Many of us have experienced a rejected credit card transaction when shopping online. Questions flood the mind such as “Did I pay my bill?” “Have I exceeded my credit limit?” “Was my card stolen?”
Too often, fraudulent activity alerts triggered for card-not-present transactions (those conducted online or over the phone) result not from customer actions, but instead from “false positives,” such as a misinterpreted spending pattern or an unfamiliar purchase from a merchant in another country. These events can have a ripple effect for all parties involved in the transaction—from frustrated customers abandoning their purchase to merchants losing revenue, to a strain on fraud investigations at the credit card processor.
Microsoft has been working together with American Express, an industry-leader in fraud prevention, to improve the accuracy of fraud protection for online retailers. The key is enabling merchants and card issuers to share information about the risk exposure of the transaction and incorporating this information in their own evaluation to make a more informed assessment. It’s a model that promises to decrease fraud cost, increase acceptance rates, and improve the customer experience.
Why siloed fraud protection tools increase false positives
Each year, online merchants and card issuing banks suffer hundreds of millions of dollars in losses caused by fraudulent card-not-present transactions. Liability is often on the merchants in these cases, which can be compounded by chargeback fees and a potential increase in bank declines, driving down revenue. Banks suffer losses as well, as more risk-averse merchants may decline their customers’ legitimate transactions.
While regulators are trying to help with initiatives such as the Payment Services Directive (PSD) 2—a European regulation for electronic payment services—merchants and banks are proactively adopting more measures and making increased investments to combat fraud.
One of the most promising technologies to combat fraud is AI and machine learning. Today, merchants and card issuing banks alike are heavily focused on predicting and preventing fraud by relying on their own business intelligence.
Merchants use what they know about their customers, such as insights gleaned from customer account and past purchase information, and any other information they may collect, to combat fraud. Meanwhile, card issuing banks use data about their customers such as the customer transaction and repayment history, as well as merchant data like merchant fraud history, to predict the likelihood of a fraudulent purchase.
While both merchants and banks are working towards the same objective of predicting and preventing fraud, they are using discrete data sets. Typical to any prediction system, these fraud prevention solutions are bound to have false positives, resulting in legitimate transactions mistakenly declined.
The solution? A system that enables merchants to share a bit of insight about their own risk assessment with card issuers—a bridge between discrete fraud protection networks.
Bridging merchant and bank fraud protection networks
Microsoft fraud detection technology safeguards more than 1 billion transactions across Microsoft services every year, which has reduced fraud-related costs by $76 million and boosted revenue by hundreds of millions more over a two-year period.
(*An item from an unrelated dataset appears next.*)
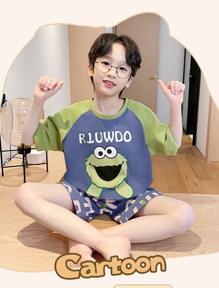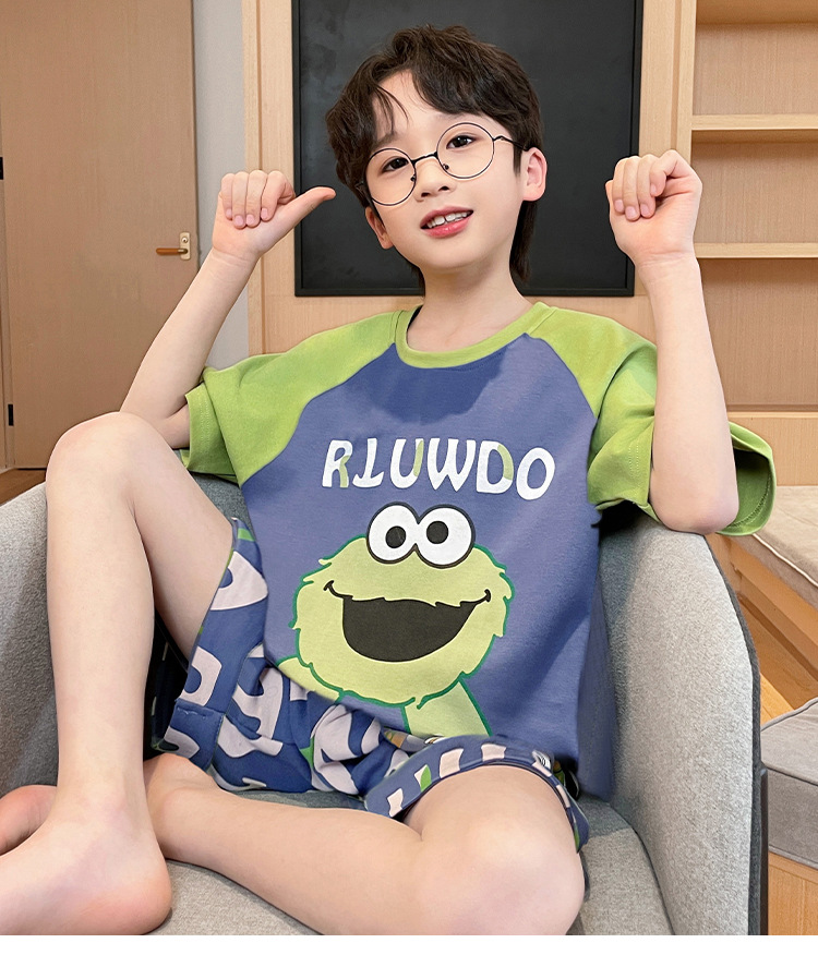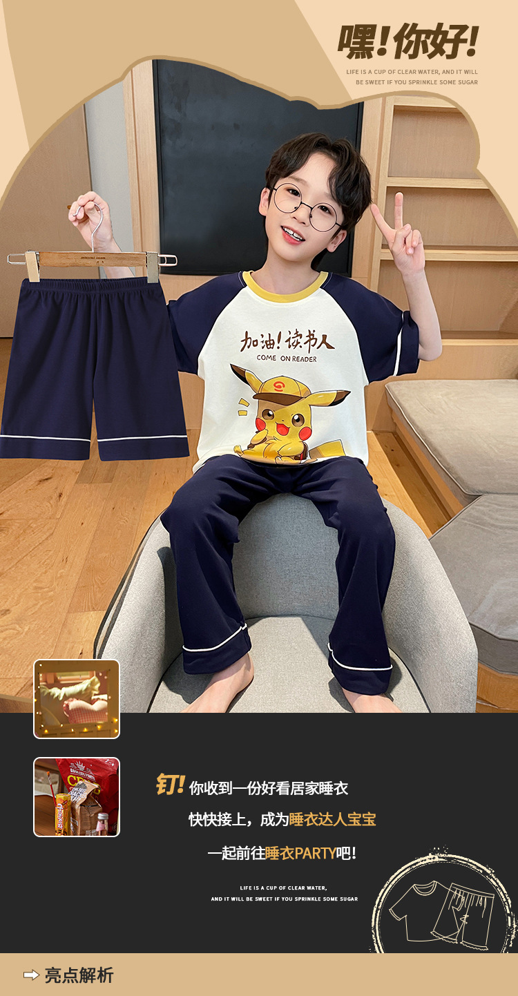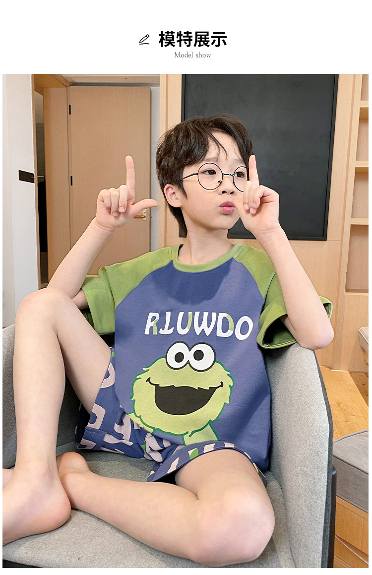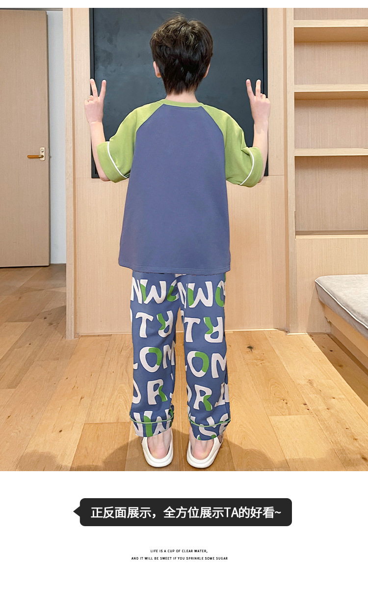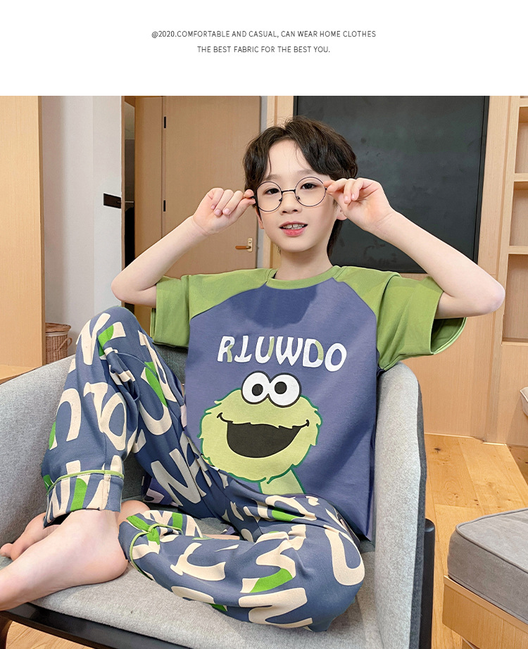 남학생 잠옷 여름면 반팔 바지 3 종 세트 어린이 소년 중 · 대형 청소년 여름 가정 옷
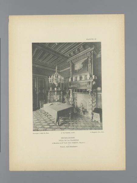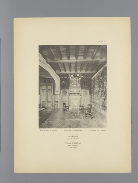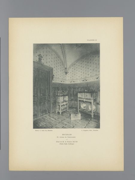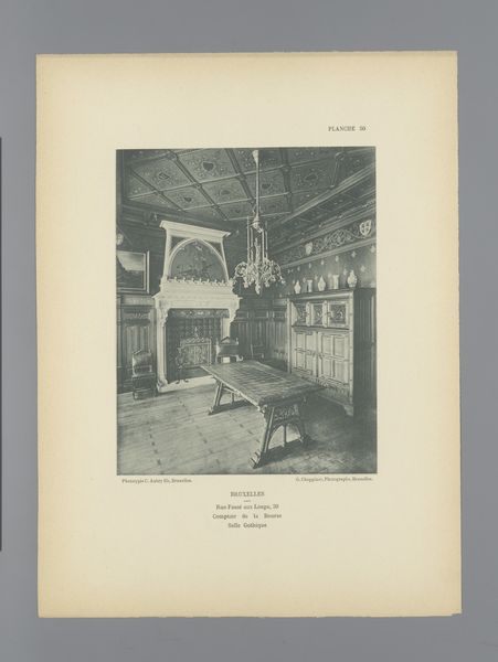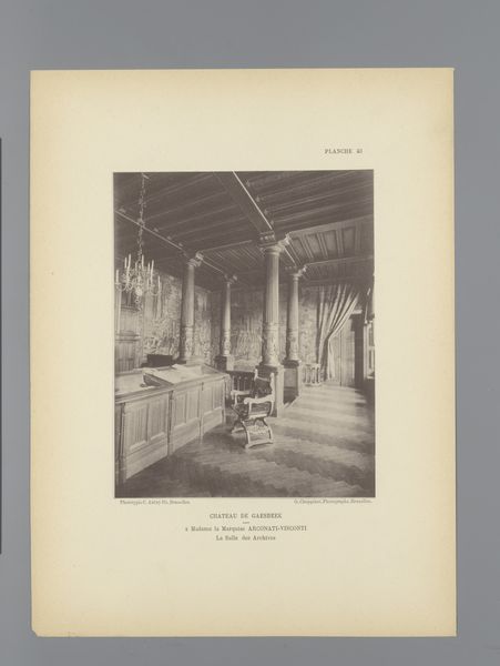 Curator: This work, an earlier example of architectural photography before 1898, is entitled "View of a Staircase in Gaasbeek Castle, Belgium" attributed to G. Choppinet. It's presented as a black and white print, capturing a rather gothic looking interior. What’s your initial read? Editor: My first impression is one of stillness and muted grandeur. The grayscale rendering adds to this solemn, almost melancholic feel. I'm drawn to the repetitive vertical lines, they’re oddly calming, creating a sense of measured ascension. Curator: Indeed. The print itself highlights certain socio-political aspects linked with castles at the end of the 19th century. Castles, after having lost their defensive importance, underwent heavy renovations to present the nobility as relevant again in public perception and photography was used as a popular mass media. This specific angle emphasizes the staircase. It subtly suggests the architecture and inhabitants had to go upwards to climb in society, thus recreating the noble lifestyle. Editor: That's interesting, particularly considering the symmetrical composition, reinforcing the idea of ascending to power, as you mention. Note how the lines and stonework funnel the eye upwards, while the statue of what looks like a knight remains fixed at the bottom, almost guarding the base of social mobility. I'd say, regarding purely formal analysis, the composition cleverly reinforces your point regarding hierarchical ascendance. Curator: Precisely. Now, regarding materials, let’s look at how print itself—as a reproducible medium— democratized access to these exclusive spaces and architectural marvels like this castle. This photo made formerly inaccessible spaces available for scrutiny by any member of the public, indirectly suggesting an element of transparency to the feudal system. Editor: It seems a kind of propaganda in print, showcasing stability and power as pillars of society by literally exhibiting stone pillars that compose the castle itself. The absence of vibrant colors renders the social message even more monolithic. Even so, in some instances, the photograph shows wear, signifying age. This subtly contradicts its goal of appearing like the first building stones have just been laid. Curator: Yes, the aesthetic choice does play a role and can also signify that while old, its importance to the fabric of the nation still holds, but time and society waits for no castle. It appears these points clash as this artwork presents an interesting oxymoron. It serves both political parties in various ways: It can subtly promote a political structure and at the same time, the passage of time denotes change which in return supports more liberal standpoints. Editor: I've become very attentive to how Choppinet's formal construction of the image conveys symbolic importance that would potentially appeal to every political stance and ideology, as we’ve observed. A fascinating play on public memory and visibility.

In 2019, Microsoft introduced a commercial version of its proven fraud protection technology, Microsoft Dynamics 365 Fraud Protection, which is equipped with unique, advanced AI and other digital capabilities to help online merchants build trust, streamline transactions, and amplify their fraud protection activities.
That’s where we are teaming up with American Express.
We worked with American Express to evaluate how merchants can seamlessly share risk assessment attributes and transaction data through American Express’ industry-leading Enhanced Authorization solution. Enhanced Authorization is a free solution from American Express which enables merchants to share additional data elements about a transaction with American Express to improve fraud detection. Tested on the Microsoft ecommerce platform, we defined a small payload of data with Microsoft’s AI-based assessment of the transaction, what we call “transaction trust knowledge,” that would be provided through the Enhanced Authorization API to American Express giving them deeper insight about the risks of a single transaction. The test demonstrated that, when deployed widely, merchants can expect an increase in transaction revenue and reduced cardholder friction, resulting in a better customer experience.
Thrilled by the results, Microsoft incorporated American Express’ Enhanced Authorization solution into its Dynamics 365 Fraud Protection technology, so that any merchant can opt-in to send transaction trust knowledge to American Express using the Transaction Acceptance Booster service feature.
At Microsoft, we believe in our mission to empower every person and every organization on the planet to achieve more. And with the Transaction Acceptance Booster feature, Fraud Protection can help merchants reduce fraud, achieve higher bank approval rates, and deliver a better shopping experience to their customers.